Bangladesh situated in the tropical monsoon region is one of the most rainfall-sensitive countries in the world with terrain ranging from northwest floodplains to southern coastal deltas to eastern hilly regions. This complex landscape coupled with intensified climate variability influences local convection and extreme precipitation events, making short range forecasting particularly difficult. In this context, AI driven weather forecasting is gaining promise in diagnosing nonlinear atmospheric processes where conventional physics-based models fall short. Therefore, this study employs AI-based GraphCast model to forecast 1-, 2-, and 3-day cumulative rainfall over Bangladesh utilizing observational data from 43 Bangladesh Meteorological Department (BMD) stations during 2023-2024. Then, the performance of the model has been evaluated against global forecasting models namely ECMWF and GFS with statistical metrics including correlation coefficient (CC), mean error (ME), root mean square error (RMSE), and probability of detection (POD). The capability of GraphCasts’ extreme rainfall detection has been further examined with Critical Success Index (CSI) and False Alarm Ratio (FAR) for three threshold benchmarks: 100, 200 and 300 mm. The findings revealed that GraphCast outperforms ECMWF and GFS in routine precipitation forecasting, achieving higher CC (0.57–0.65), lower RMSE (15.66–16.61 mm day−1), and near-perfect POD values (>0.98).

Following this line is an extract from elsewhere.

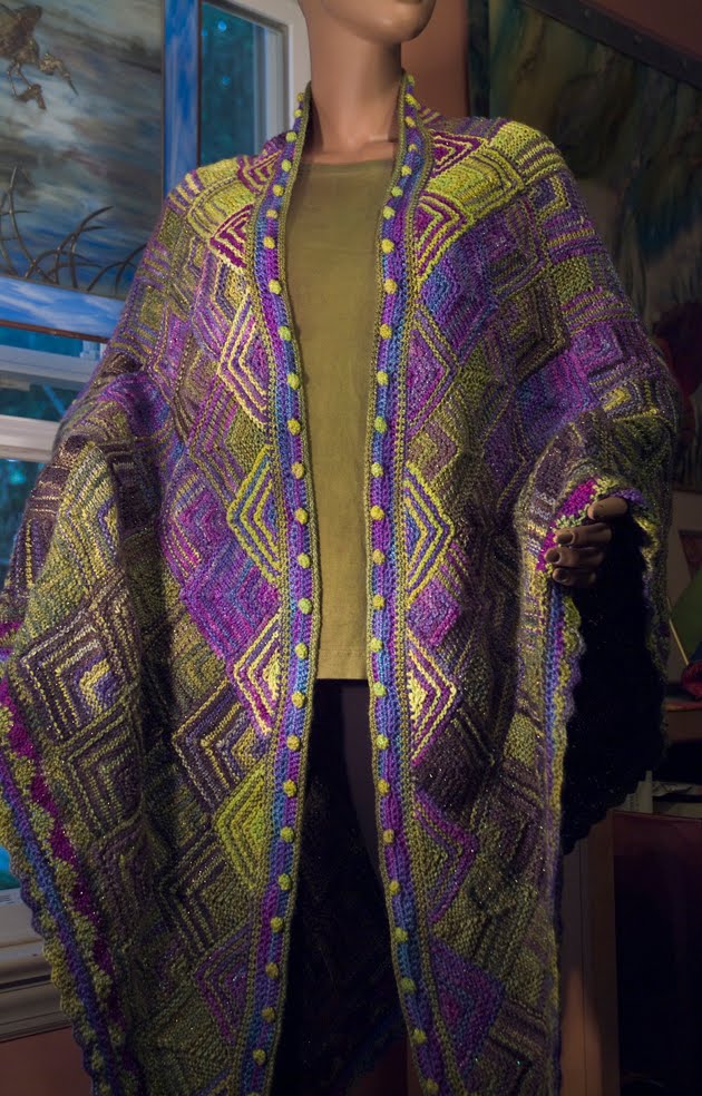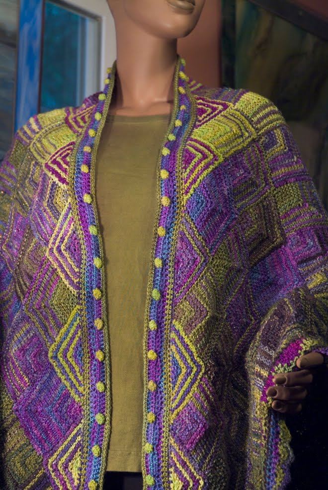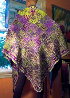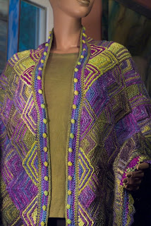 I wanted something big and dramatic to send to TNNA. I had just purchased Patricia Werners' "Dazzling Knits" and had to try it out. I had never made a mitered square before so I thought that by the time I finished something really big I should have it down pretty good. I used twelve colors using Blue Heron Beaded Wool, Beaded Wool Metallic, Softwist Wool and Silk/Merino yarns. It was great fun and took me about a month to complete. I used the basic square from her book.

It exhibited better performance in central and northern Bangladesh, where monsoon characteristics are more uniform compared to coastal and southeastern hilly regions. However, GraphCast tends to overestimate extreme rainfall events with lower CSI (0.4476–0.5170) and higher FAR (0.4809–0.5519) values. Overall, this study aims to highlight the potential of AI-based operational precipitation forecasting with a path open to integrating hybrid AI-physics frameworks for better extreme event prediction in future.

DOI

https://doi.org/10.31223/X5QN0G

Subjects

Oceanography and Atmospheric Sciences and Meteorology

Keywords

GraphCast, AI, Short Range precipitation forecasting, Extreme Rainfall detection, CSI, FAR

Dates

Published: 2025-12-04 14:25

Last Updated: 2025-12-04 14:25

License

CC BY Attribution 4.0 International

Additional Metadata

Data Availability (Reason not available):
All raw data is available from the authors upon reasonable request.

Conflict of interest statement:
The authors declare that they have no known competing financial interests or personal relationships that could have appeared to influence the work reported in this paper.